複勝転がしは、一見するとかなり魅力的な買い方です。

「複勝なら当たりやすい」

「当たったお金を次に回せば増やせそう」

そう思うと、つい試したくなりますよね。

ですが実際は、ここに大きな落とし穴があるんです!

この記事では、複勝転がしの仕組みや難しさを整理したうえで、狙うべき条件、現実的に行う方法まで分かりやすくまとめました。

これから複勝転がしを試そうと思っている方は、本記事に目を通してからにしてください!

河田 孝太郎
監修者
【競馬予想サイト解体新書 責任者】河田 孝太郎(60歳)

1965年8月8日生まれ。日本中央競馬学校中退。

元ジョッキーの父親に憧れJRA所属の騎手を目指すが一身上の都合により断念。某有名競馬場で厩務員として働いていた際にフリーライターとして訪れた福岡と意気投合し、競馬予想サイト解体新書設立に参画。

これまでの100以上の競馬予想媒体を利用して、一番稼げたのが競馬予想サイト。その背景からこれまで270以上のサイトを活用し、全て忖度なしに独自のレビューを実施している。

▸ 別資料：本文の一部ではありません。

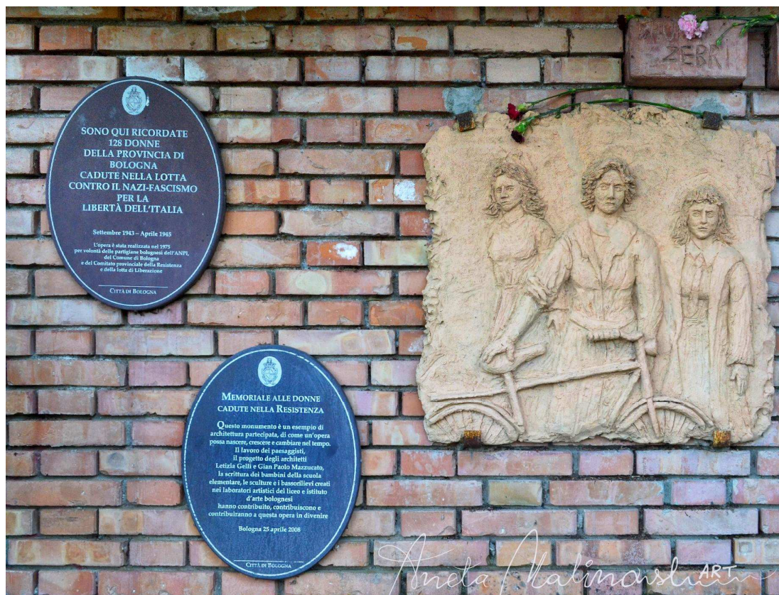
Monumento alle partigiane_2
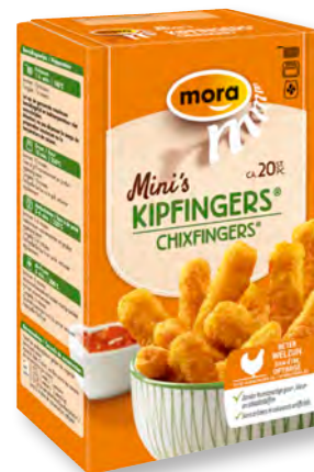
Chixfingers 20 pc Kipfingers 20 st 240 g - Pack 5 22 20 31
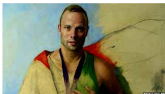
تصویر ۱۸: پرتره مرد جوان، اوسکار پیستوریوس، اثر ناتالی رادینا هولند، رنگ روغن روی بوم، متعلق به حدود ۲۰۱۳م..
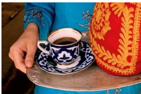
TÉ EN UNA CASA DE TÉ UZBEKA
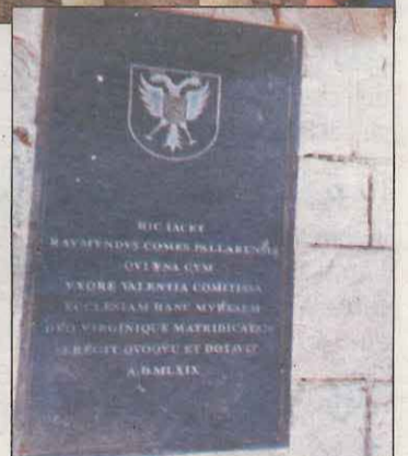
Davant l'absis hi ha la tomba del Comte Ramon V

El fundador de la Col·legiata va ser enterrat a la pròpia església. Les pintures també donen fe de que va ser el seu propi cosí el que el va matar.
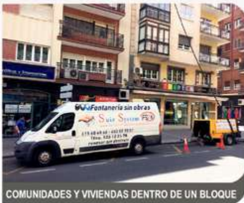
COMUNIDADES Y VIVIENDAS DENTRO DE UN BLOQUE

”優良サイト”と判断したサイトは今でも利益が残せており、根強いファンから厚い信頼が寄せられている。

複勝転がしとは?仕組みを一分で解説

複勝転がしの仕組みは、かなりシンプルです。

複勝で当たった払戻金を、次のレースの複勝にそのまま回していく買い方となります。

例えば最初に1,000円で複勝を買って当たり、1,400円になったとします。

次はその1,400円を使って、また別のレースで複勝を買う。

さらに当たれば、その払戻金をまた次へ回す。

この流れを続けていくのが、複勝転がしです。

言葉だけ聞くと少し難しそうですが、やっていることはかなり単純です。

当たったお金を次に回す」。

本当にこれだけ。

ただし、シンプルだからこそ油断しやすいのも事実です。

1回ごとの複勝は手堅く見えても、それを連続で当て続けるとなると話しは別です。

このあたりは次の章でしっかり見ていきます。

なお、複勝そのものの詳しいルールや、ワイドとの違い、オッズの見方は以下の記事で詳しく解説していますのであわせてご覧ください。

全額転がしと一部転がしの違い

複勝転がしといえばリターンの全てを次に回す方法が一般的ですが、実は大きく分けて2つのやり方があります。

買い方 内容 特徴
全額転がし 当たった払戻金を
そのまま全部次に回す
増える時は早いが、
途中で外すと一気に終わりやすい
一部転がし 払戻金の一部だけ次に回し、
残りは手元に残す
増え方はゆるやかだが、
利益を残しやすい

一部転がしの方が資金を一気に無くすリスクはグッと減らすことができます。

せっかく当てたのに、最後の1回で全部消えるとかなり心にきますからね…。

このようなリスクヘッジは取っておいて損はありません。

少しでも不安があるなら全額転がしよりも、一部転がしのほうがおすすめです。

複勝転がしが難しい理由

複勝は「3着以内に入れば的中」というルール(頭数による)なので、どうしても簡単に思いますよね。

でも、実戦はそんなに甘くありません。

むしろ複勝転がしは、少しずつ増やすぶん、1回のミスがやけに重い買い方なんです。

だからこそ、まずは夢のある話ではなく、先に厳しさを皆さんに教えておきますね。

ここをないがしろにすると、後から後悔することもありますから、しっかり目を通しておいてください。

複勝転がしが難しい理由

  • 複勝でも普通に外れる
  • オッズが低く、思ったより増えない
  • 1回の失敗で積み上げが消える

複勝でも普通に外れる

まず大前提として、複勝は“当たりやすい”だけで、“外れない”わけではありません。(当たり前ですが…)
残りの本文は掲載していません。